Hakan Günday, Yazarlar İzmir İçin Okuyor etkinliği için İzmir'deydi. Etkinlik vesilesiyle buluşmuşken, sizlerin merak ettiği konuları sordum kendisine. Öncelikle Günday'ın kitaplarını ezberlercesine okuyan biri olarak, karşımda nasıl birini bulacağımı merak ediyordum. Romanlarındaki o asi, sert ve biraz da maço tavırlı erkeklerden biri mi çıkacaktı karşımaki o zaman bu röportaj çok kısa sürecek demekti, yoksa kendisini yazdıklarından ayrı tutmayı başaran bir edebiyat tutkunu mu görecektim? Röportajın ardından edebiyat dünyasının durumunu hararetle tartıştığımızı söylersem, sanırım karşımda nasıl bir Hakan Günday bulduğumu da anlatmış olurum. Etkinlik vesilesiyle sizlerin merak ettiği konuları sordum kendisine.
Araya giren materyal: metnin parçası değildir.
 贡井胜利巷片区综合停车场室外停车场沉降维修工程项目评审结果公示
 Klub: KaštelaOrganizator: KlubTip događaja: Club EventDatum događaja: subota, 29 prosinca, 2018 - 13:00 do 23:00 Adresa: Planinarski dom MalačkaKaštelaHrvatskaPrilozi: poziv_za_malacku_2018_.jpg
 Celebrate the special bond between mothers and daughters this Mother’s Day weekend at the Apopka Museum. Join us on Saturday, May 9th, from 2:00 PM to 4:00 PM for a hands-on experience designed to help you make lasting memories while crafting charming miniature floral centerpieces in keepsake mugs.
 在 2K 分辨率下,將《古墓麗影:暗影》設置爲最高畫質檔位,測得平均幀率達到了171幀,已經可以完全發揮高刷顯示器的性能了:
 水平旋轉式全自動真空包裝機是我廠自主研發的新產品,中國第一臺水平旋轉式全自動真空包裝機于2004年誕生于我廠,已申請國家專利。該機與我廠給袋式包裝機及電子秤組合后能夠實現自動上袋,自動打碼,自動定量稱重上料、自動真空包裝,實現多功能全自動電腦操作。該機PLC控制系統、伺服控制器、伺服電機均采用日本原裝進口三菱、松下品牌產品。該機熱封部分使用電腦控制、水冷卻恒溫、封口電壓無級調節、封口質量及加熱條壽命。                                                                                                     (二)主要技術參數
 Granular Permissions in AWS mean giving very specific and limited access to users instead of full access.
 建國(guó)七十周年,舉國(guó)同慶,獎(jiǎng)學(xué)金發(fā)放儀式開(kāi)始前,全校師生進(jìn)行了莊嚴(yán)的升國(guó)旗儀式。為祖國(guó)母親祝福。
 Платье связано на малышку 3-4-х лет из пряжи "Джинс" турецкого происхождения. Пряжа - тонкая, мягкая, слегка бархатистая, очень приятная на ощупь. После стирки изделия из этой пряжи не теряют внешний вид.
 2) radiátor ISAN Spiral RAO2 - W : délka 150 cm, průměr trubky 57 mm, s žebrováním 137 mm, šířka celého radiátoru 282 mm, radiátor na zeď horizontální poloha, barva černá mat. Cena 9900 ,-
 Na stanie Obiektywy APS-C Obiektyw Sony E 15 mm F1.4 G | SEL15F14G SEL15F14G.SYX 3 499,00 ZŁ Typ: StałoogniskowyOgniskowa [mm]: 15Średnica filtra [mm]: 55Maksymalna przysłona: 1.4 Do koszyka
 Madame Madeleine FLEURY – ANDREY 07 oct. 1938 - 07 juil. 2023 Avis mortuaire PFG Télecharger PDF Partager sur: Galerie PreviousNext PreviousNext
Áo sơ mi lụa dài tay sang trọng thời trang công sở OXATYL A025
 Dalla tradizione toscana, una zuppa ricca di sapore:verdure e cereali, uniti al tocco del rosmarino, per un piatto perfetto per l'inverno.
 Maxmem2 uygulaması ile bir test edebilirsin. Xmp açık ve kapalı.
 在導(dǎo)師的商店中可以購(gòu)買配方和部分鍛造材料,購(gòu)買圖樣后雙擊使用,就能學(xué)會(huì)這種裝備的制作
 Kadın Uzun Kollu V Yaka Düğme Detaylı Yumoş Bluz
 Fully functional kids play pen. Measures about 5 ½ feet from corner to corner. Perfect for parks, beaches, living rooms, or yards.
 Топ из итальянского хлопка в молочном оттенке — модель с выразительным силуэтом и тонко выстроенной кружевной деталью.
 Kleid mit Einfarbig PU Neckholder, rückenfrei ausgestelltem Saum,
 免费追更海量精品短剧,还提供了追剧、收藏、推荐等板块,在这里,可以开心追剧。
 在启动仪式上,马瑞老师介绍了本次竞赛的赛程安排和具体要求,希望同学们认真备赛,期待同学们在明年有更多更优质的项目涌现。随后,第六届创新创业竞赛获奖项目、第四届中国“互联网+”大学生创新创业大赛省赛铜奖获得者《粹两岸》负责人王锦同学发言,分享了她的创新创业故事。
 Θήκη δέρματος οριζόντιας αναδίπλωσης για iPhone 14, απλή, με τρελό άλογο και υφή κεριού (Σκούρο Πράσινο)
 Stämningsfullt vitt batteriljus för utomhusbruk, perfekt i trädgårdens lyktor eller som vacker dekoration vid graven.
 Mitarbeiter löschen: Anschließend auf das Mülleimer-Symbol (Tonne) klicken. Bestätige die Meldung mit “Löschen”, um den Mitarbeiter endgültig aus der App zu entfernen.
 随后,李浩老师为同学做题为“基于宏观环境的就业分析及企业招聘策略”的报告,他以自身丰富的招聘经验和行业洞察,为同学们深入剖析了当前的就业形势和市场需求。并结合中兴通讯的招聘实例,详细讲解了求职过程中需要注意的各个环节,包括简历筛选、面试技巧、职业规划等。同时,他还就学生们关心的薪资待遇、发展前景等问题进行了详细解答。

Kitaplarınız geçtiğimiz yıllarda tiyatroya uyarlandı. Şimdi Piç, 'Hiç' olarak sinemaya da uyarlanıyor. Peki sizi en çok hangisi etkiliyor? Tiyatro, sinema, roman? Hepsinin yeri ayrı. Bir de yanlarında bunların kocaman bir müzik duruyor. Hepsi başka tarafları harekete geçiriyor, başka hayalleri. Onun için zaten birbirlerinin arasındaki geçiş süreci, uyarlamalar çok heyecanlı işler. Bir gezegenden bir gezegene gitmek kadar tesadüfi ama planlamaya da dayanan işler. Bir kitabı, sinemaya uyarlamak Jüpiter'e araç göndermek gibi. Jüpitere hiç varamayabilir ama vardı mı da; Jüpiteri seyredersiniz.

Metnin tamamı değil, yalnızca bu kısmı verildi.